Martinez is a Mexican American pastor at the New Generation Church, a part of the Assemblies of God. He’s been a youth pastor in north Minneapolis for the last 10 years. “If I try to be something that my history doesn’t say I am, I think people lose trust in you,” he said. “I’d rather lose being real than win being fake.”
Currently, he owns a home in the Willard–Hay neighborhood with his wife and three kids.
Ward 5 is one of the city’s most diverse. Three-quarters of residents are people of color. It’s also about 44 percent low-income. And, according to a February report from the Star Tribune, the area saw a 36 percent increase in violent crime in the last five years, one of the highest increases in the city.

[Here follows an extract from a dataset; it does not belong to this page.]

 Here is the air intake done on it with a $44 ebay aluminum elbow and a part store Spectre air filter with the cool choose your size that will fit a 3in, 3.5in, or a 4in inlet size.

That has put crime and policing at the center of the Ward 5 City Council race between incumbent Jeremiah Ellison* and a small group of challengers, including Martinez, who is running as a pro-police candidate. Compared to his challengers, Ellison says he supports a more comprehensive change in public safety, which would incorporate violence prevention and mental health services. Although it’s not part of his platform, he tells Sahan Journal a new department of public safety would include “a division of law enforcement.”

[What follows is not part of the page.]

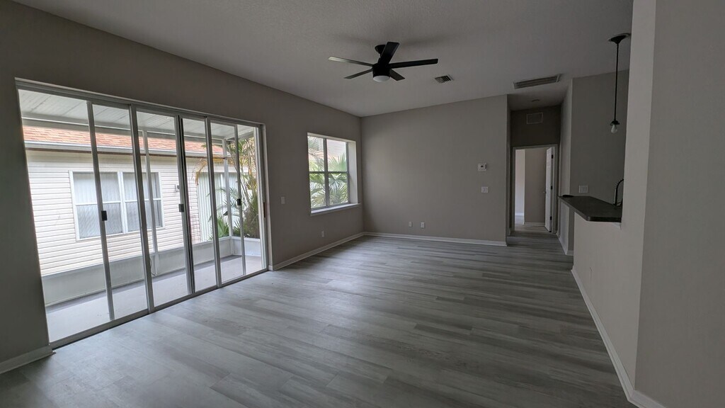 Beautiful 3 Bedroom, 2 bathroom home in the sought-after Fiddlers Cove community in Lutz. Enjoy the open floor plan with just over 1,500 square feet of thoughtfully designed living space highlighted by vaulted ceilings and vinyl plank flooring throughout. The split bedroom layout ensures privacy, with a spacious primary suite that includes a walk-in closet and step-in shower, while the two guest bedrooms provide flexibility for family, visitors or a home office. The updated kitchen features modern appliances and cabinetry. The screened in lanai is the perfect spot for morning coffee or evening relaxation. Residents of the Fiddlers Cove can also enjoy the community pool, clubhouse and well-maintained grounds, with exterior upkeep handled by the HOA. Located off of Livingston Ave. and near Bruce B Downs, you are centrally located just minutes from I-275 for an easy commute to downtown Tampa or a quick drive to Wesley Chapel or New Tampa to enjoy local dining and shopping. Apply online at Applications are $75/per adult. Text to set-up a showing while it is still available!

With a controversial charter amendment on the ballot that would replace the Minneapolis Police Department with a public safety department, Martinez has drawn support from some north Minneapolis neighbors who say an increase in crime in the city should mean an increase in cops on the street. It’s worth noting that former City Council member Don Samuels used to represent Ward 5 and has been one of the main challengers of the public safety charter amendment.
From the outset, Martinez seemed like an underdog against Ellison, who had the DFL’s backing four years ago, in 2017, and has become a standard-bearer of the city’s most progressive values.
But in June’s DFL caucus, Martinez was just four delegates short of winning the endorsement. For a moderate candidate who is pro-police and pro-life, DFL backing would have been huge. The fact that he was so close to winning the endorsement signaled an unusual moment in DFL politics.
Campaign funds don’t necessarily guarantee victory, but Martinez also has proved a competitive candidate in his fundraising. According to finance reports filed in August, Martinez raised $17,093, $59 more than Ellison. A third candidate, Kristel Porter, an environmentalist and organizer, surpassed both of them and raised $22,075. Cathy Spann, executive director of the nonprofit neighborhood group, Jordan Area Community Council, raised $5,780.
Martinez said he’s getting a sense that other candidates and politicians in Minnesota are frustrated by his campaign, since he’s finding purchase with his pro-police message. He also talks a lot about non-policing issues, which he says matter more in his ward.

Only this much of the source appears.